• [Exercise brief] Write out the listing below in full and exactly, leaving out every picture.

• [Dataset excerpt]
■ ■ ■

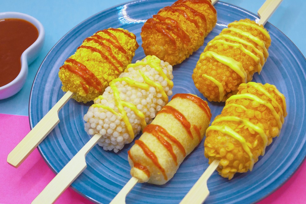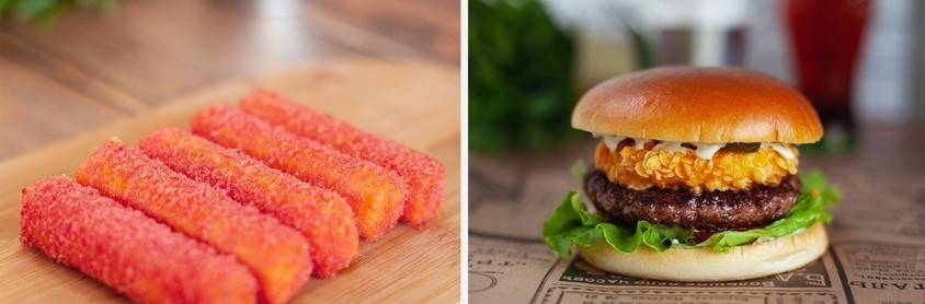Сырные палочки в розовой панировке и бургер с сырной котлетой в панировке «Акедама»
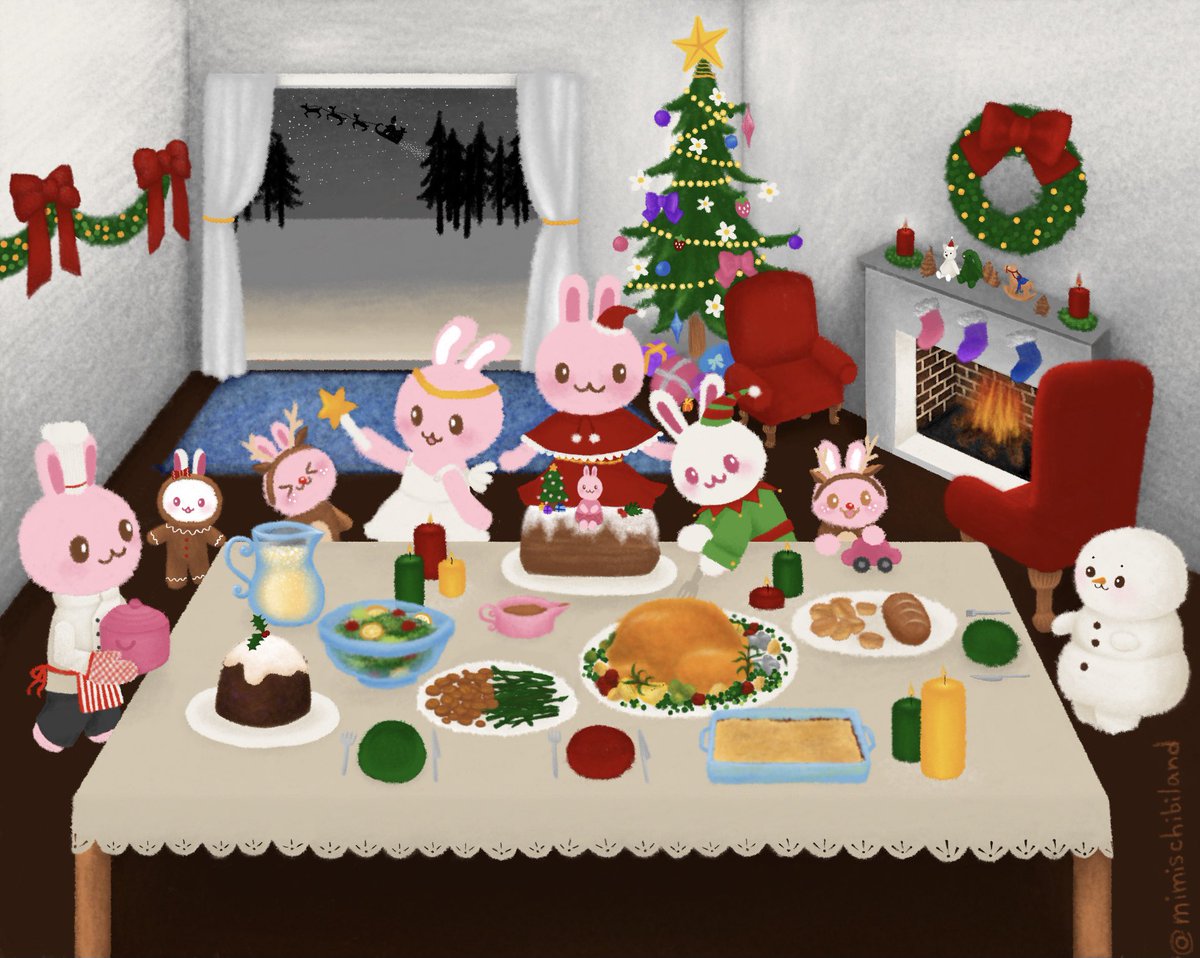 みんなとクリスマスパーティー🎄✨ #しろたん #うさもも #うさももちゃん #ちびもも #メリークリスマス #christmas #イラスト
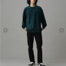 ベロア素材で、やや薄手のスウェットになります。ロンT感覚で使えると思います。

■ ■ ■

• [Written solution]
Сырные палочки в розовой панировке и бургер с сырной котлетой в панировке «Акедама»
 みんなとクリスマスパーティー🎄✨ #しろたん #うさもも #うさももちゃん #ちびもも #メリークリスマス #christmas #イラスト
 ベロア素材で、やや薄手のスウェットになります。ロンT感覚で使えると思います。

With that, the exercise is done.